:: Task to carry out ::
An exact transcription of the entries is required, with none of the pictures carried over.

:: Working data

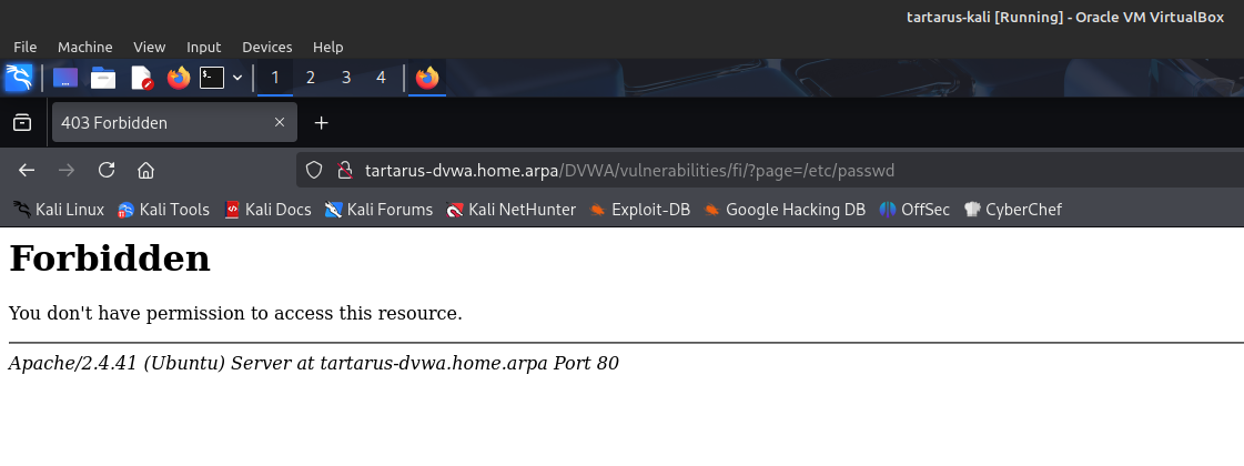 On the Kali guest navigate to (once you’ve logged in and set the sec to low): http://tartarus-dvwa.home.arpa/DVWA/vulnerabilities/fi/?page=/etc/passwd
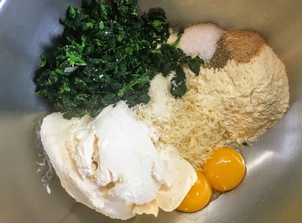 - With a spoon, form approximately 1-inch balls of the ricotta-spinach mixture and gently roll them in the bowl of flour (or semolina), then place each ball on the floured tray. Advice: Don’t make the balls larger than 1-inch or they won’t cook-through properly
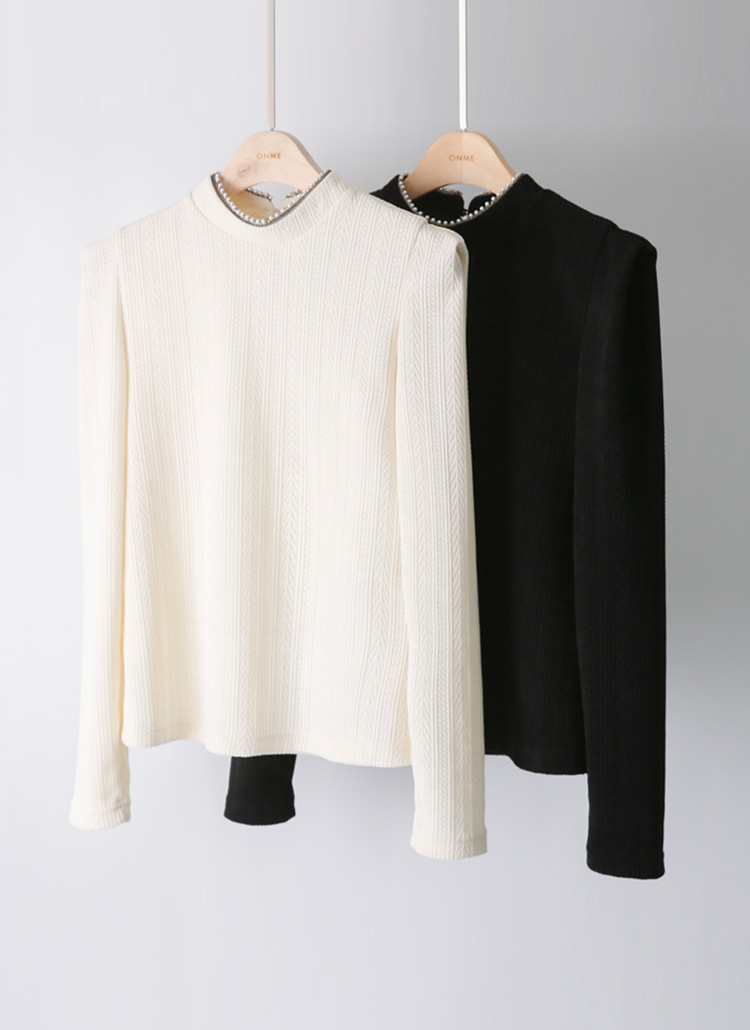 [LouisAngel] 포에디 메탈 펄 진주넥 쟈가드 패턴 티셔츠
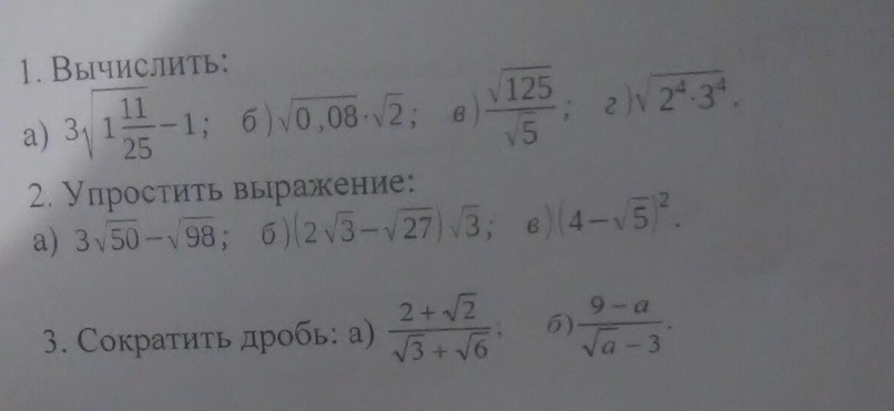 б) 9-a/Va-3= 9-(Va)^2 /-3-Va=(3-Va)(3+Va)/ -(3-Va)=-3-Va
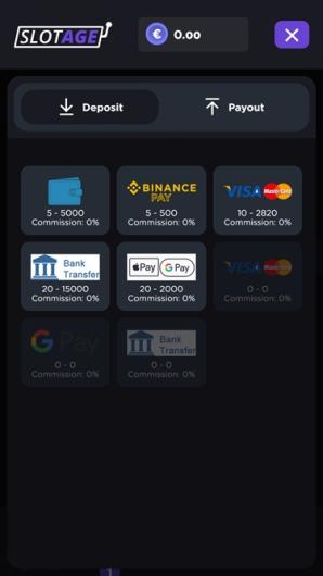 Placing deposits and receiving winnings is a very important aspect of gaming. It is vital that every individual finds a brand that has its preferred currencies and means of payment and engages in this entertainment form without worries. Slotage Casino accepts some of the major fiat currencies such as Euro, New Zealand Dollar and US Dollar. They can be used to make secure deposits and withdrawals with the casino but there are no crypto currencies available. As for the possible payment methods, there are several prominent cards such as Visa and MasterCard, bank wire transfers and virtual cards Apple Pay and Google Pay.
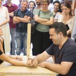 Il rapporto con il passato si fa presente, e il presente vive di memoria che si fa attualità: questo sembrano testimoniare gli oscuri personaggi e i dettagli delle inquadrature pittoriche delle tele di Dario Carratta esposte a Palazzo Maccafani. Se in questi luoghi si entra in contatto con una parte della storia passata del borgo, negli spazi del Bar si abbraccia il ritmo della vita quotidiana che anima Pereto nella sua dimensione di paesino che ancora resiste (se solo si pensa alla miriade di paesini abruzzesi abbandonati, disabitati, sventrati dal terremoto). E questa “resistenza” è stata colta da Elena Bellantoni con una performance coinvolgente condotta dall’artista nel bar, centro gravitazionale del borgo, con il linguaggio della sfida e del gioco “braccio di ferro” al cospetto degli abitanti del luogo, congedati dopo la prova di forza con la domanda “Cosa resiste?”…tra le risposte anche “Pereto” . E noi aggiungiamo l’arte, l’arte resiste.
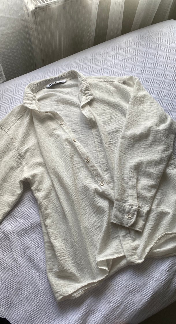 Beyaz keten kumaştan, düğmeli, geniş kesim uzun kollu ve yakalı kadın gömleği. Minimalist ve sade tasarımıyla günlük kullanıma uygundur.
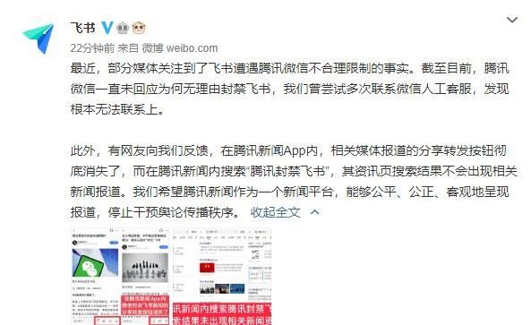 1月11日,飛書官方賬號發(fā)文表示,最近部分媒體關(guān)注到了飛書遭遇騰訊微信不合理限制的事實。錦州軟件開發(fā)截至目前,騰訊微信一直未回應(yīng)為何無理由封禁飛書,我們曾嘗試多次聯(lián)系微信人工客服,發(fā)現(xiàn)根本無法聯(lián)系上。此外,飛書也曬出了一些網(wǎng)友的反饋,在騰訊新聞APP內(nèi),相關(guān)媒體報道的分享轉(zhuǎn)發(fā)按鈕徹底消失了。在騰訊新聞內(nèi)搜索“騰訊封禁飛書”,其資訊頁搜索結(jié)果不會出現(xiàn)相關(guān)新聞報道。
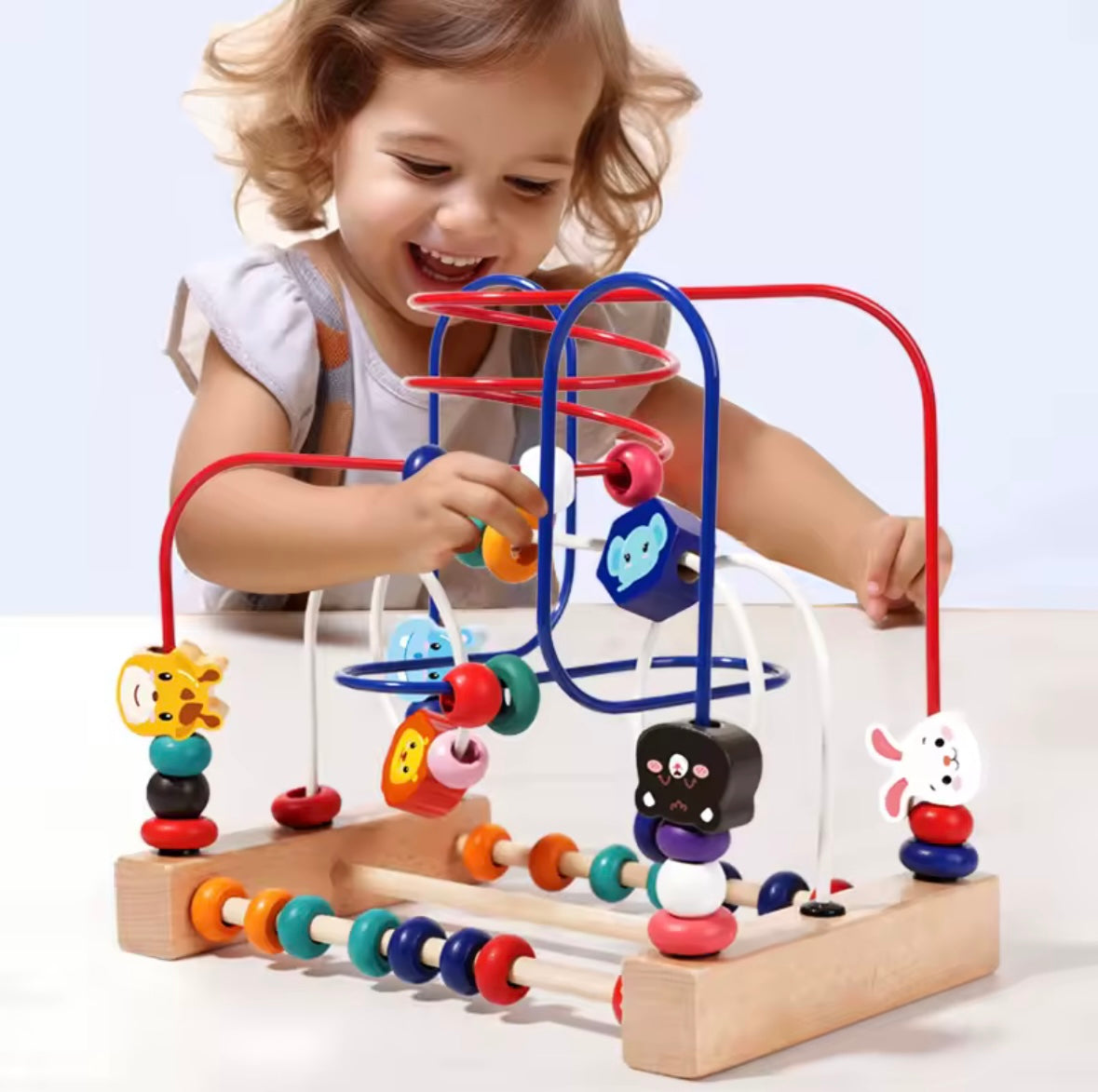 כולל חרוזים צבעוניים ומרקמים מגוונים שמושכים את העין, משפרים ריכוז ותשומת לב, ומעודדים זיהוי צבעים וצורות בצורה טבעית ומהנה.
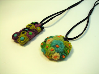 Con los elementos que veis en la siguiente foto, he hecho unos sencillos colgantes, pulseras, broches, todo ello de estilo Gustav Klimt. Mediante la unión de pequeños redondeles de ganchillo cosidos.
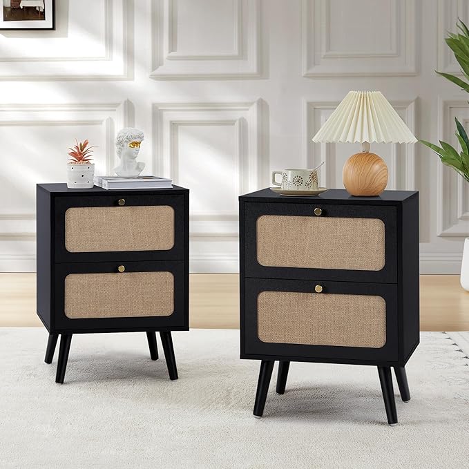 Mid Century Night Stand Set of 2, Modern Nightstand with 2 Drawers & Curved Linen Panel, Farmhouse End Table Wood Bedside Table Small Side Tables for Small Space, Bedroom (Black)
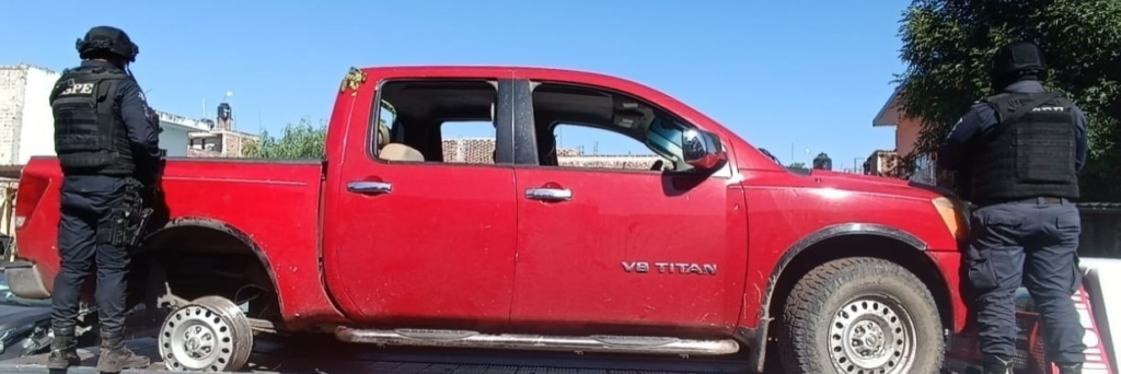 El hecho se derivó de los patrullajes implementados por efectivos de las diversas corporaciones de seguridad, cuando sobre el camino de terracería que conduce a la comunidad de Antigua Hacienda del Manzano, al norte del municipio, los efectivos tuvieron a la vista a tres sujetos a bordo de una camioneta que presentaba un neumático ponchado.
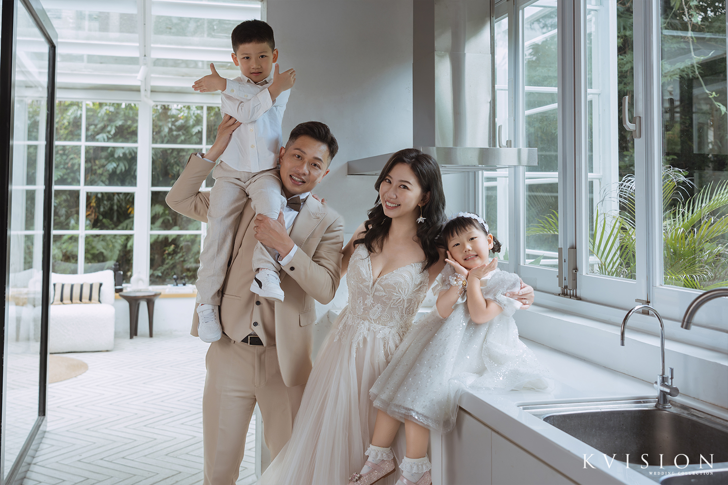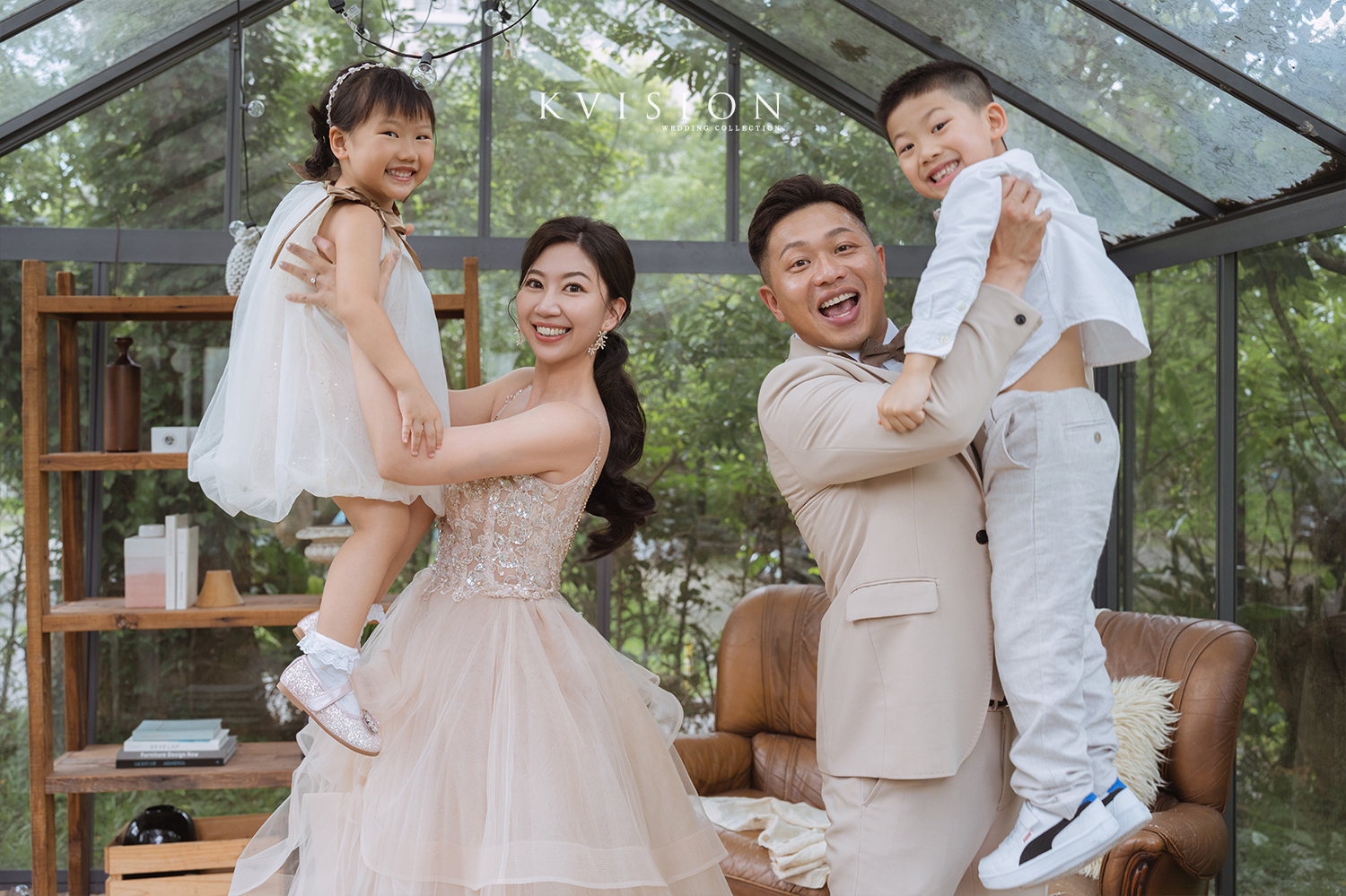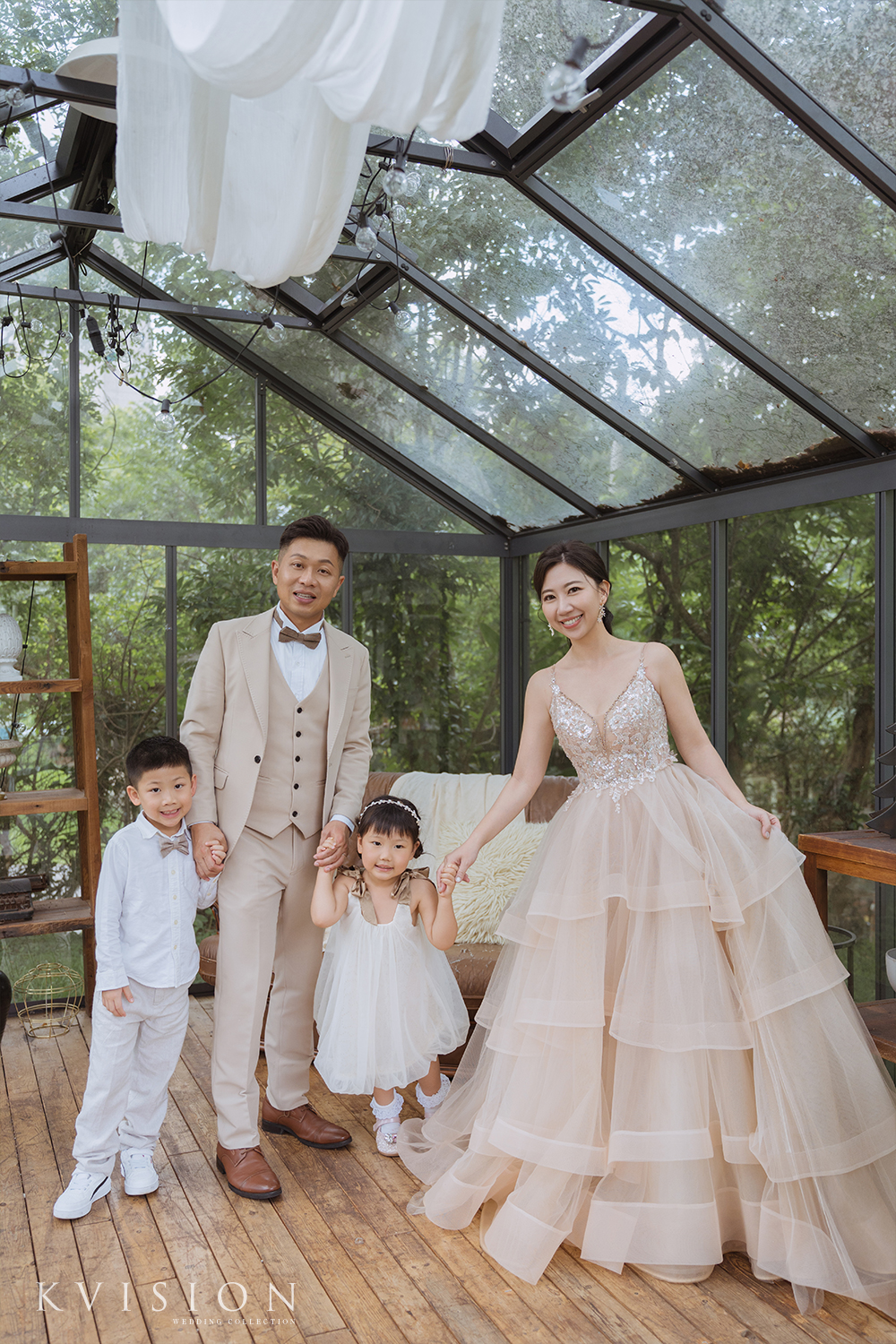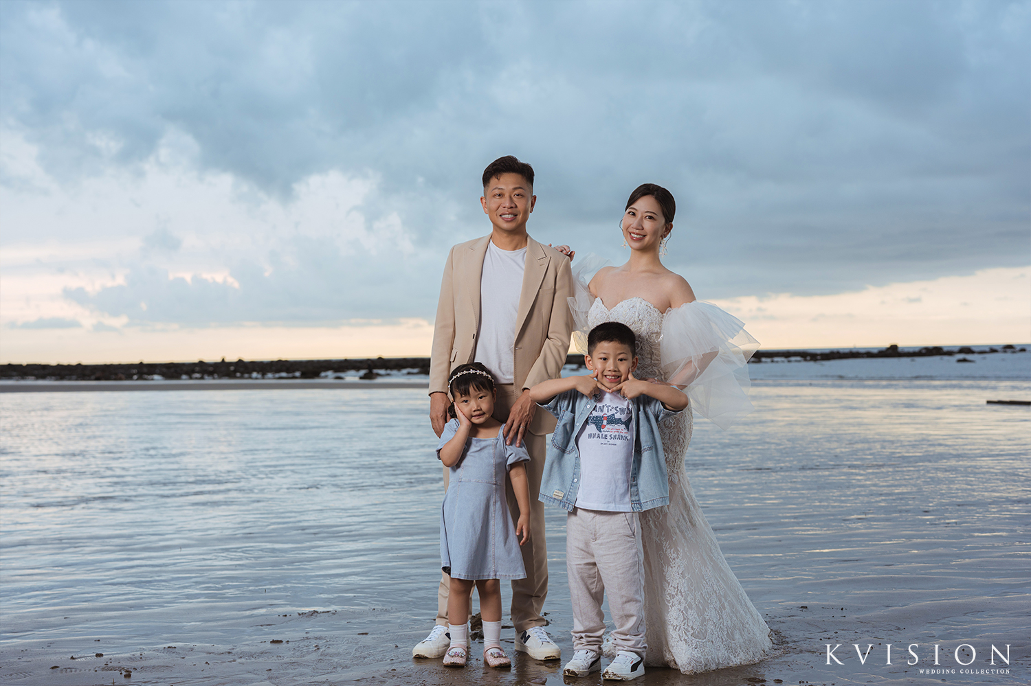 孩子們的笑容與活潑互動,讓這組婚紗攝影充滿生命力與親切感。這不只是兩人的愛情見證,更是家庭幸福的延伸。每一張照片都自然流露真情,彷彿時間靜止,留下永恆珍貴的回憶。

::::

:: Solved exercise ::
 On the Kali guest navigate to (once you’ve logged in and set the sec to low): http://tartarus-dvwa.home.arpa/DVWA/vulnerabilities/fi/?page=/etc/passwd
 - With a spoon, form approximately 1-inch balls of the ricotta-spinach mixture and gently roll them in the bowl of flour (or semolina), then place each ball on the floured tray. Advice: Don’t make the balls larger than 1-inch or they won’t cook-through properly
 [LouisAngel] 포에디 메탈 펄 진주넥 쟈가드 패턴 티셔츠
 б) 9-a/Va-3= 9-(Va)^2 /-3-Va=(3-Va)(3+Va)/ -(3-Va)=-3-Va
 Placing deposits and receiving winnings is a very important aspect of gaming. It is vital that every individual finds a brand that has its preferred currencies and means of payment and engages in this entertainment form without worries. Slotage Casino accepts some of the major fiat currencies such as Euro, New Zealand Dollar and US Dollar. They can be used to make secure deposits and withdrawals with the casino but there are no crypto currencies available. As for the possible payment methods, there are several prominent cards such as Visa and MasterCard, bank wire transfers and virtual cards Apple Pay and Google Pay.
 Il rapporto con il passato si fa presente, e il presente vive di memoria che si fa attualità: questo sembrano testimoniare gli oscuri personaggi e i dettagli delle inquadrature pittoriche delle tele di Dario Carratta esposte a Palazzo Maccafani. Se in questi luoghi si entra in contatto con una parte della storia passata del borgo, negli spazi del Bar si abbraccia il ritmo della vita quotidiana che anima Pereto nella sua dimensione di paesino che ancora resiste (se solo si pensa alla miriade di paesini abruzzesi abbandonati, disabitati, sventrati dal terremoto). E questa “resistenza” è stata colta da Elena Bellantoni con una performance coinvolgente condotta dall’artista nel bar, centro gravitazionale del borgo, con il linguaggio della sfida e del gioco “braccio di ferro” al cospetto degli abitanti del luogo, congedati dopo la prova di forza con la domanda “Cosa resiste?”…tra le risposte anche “Pereto” . E noi aggiungiamo l’arte, l’arte resiste.
 Beyaz keten kumaştan, düğmeli, geniş kesim uzun kollu ve yakalı kadın gömleği. Minimalist ve sade tasarımıyla günlük kullanıma uygundur.
 1月11日,飛書官方賬號發(fā)文表示,最近部分媒體關(guān)注到了飛書遭遇騰訊微信不合理限制的事實。錦州軟件開發(fā)截至目前,騰訊微信一直未回應(yīng)為何無理由封禁飛書,我們曾嘗試多次聯(lián)系微信人工客服,發(fā)現(xiàn)根本無法聯(lián)系上。此外,飛書也曬出了一些網(wǎng)友的反饋,在騰訊新聞APP內(nèi),相關(guān)媒體報道的分享轉(zhuǎn)發(fā)按鈕徹底消失了。在騰訊新聞內(nèi)搜索“騰訊封禁飛書”,其資訊頁搜索結(jié)果不會出現(xiàn)相關(guān)新聞報道。
 כולל חרוזים צבעוניים ומרקמים מגוונים שמושכים את העין, משפרים ריכוז ותשומת לב, ומעודדים זיהוי צבעים וצורות בצורה טבעית ומהנה.
 Con los elementos que veis en la siguiente foto, he hecho unos sencillos colgantes, pulseras, broches, todo ello de estilo Gustav Klimt. Mediante la unión de pequeños redondeles de ganchillo cosidos.
 Mid Century Night Stand Set of 2, Modern Nightstand with 2 Drawers & Curved Linen Panel, Farmhouse End Table Wood Bedside Table Small Side Tables for Small Space, Bedroom (Black)
 El hecho se derivó de los patrullajes implementados por efectivos de las diversas corporaciones de seguridad, cuando sobre el camino de terracería que conduce a la comunidad de Antigua Hacienda del Manzano, al norte del municipio, los efectivos tuvieron a la vista a tres sujetos a bordo de una camioneta que presentaba un neumático ponchado.
 孩子們的笑容與活潑互動,讓這組婚紗攝影充滿生命力與親切感。這不只是兩人的愛情見證,更是家庭幸福的延伸。每一張照片都自然流露真情,彷彿時間靜止,留下永恆珍貴的回憶。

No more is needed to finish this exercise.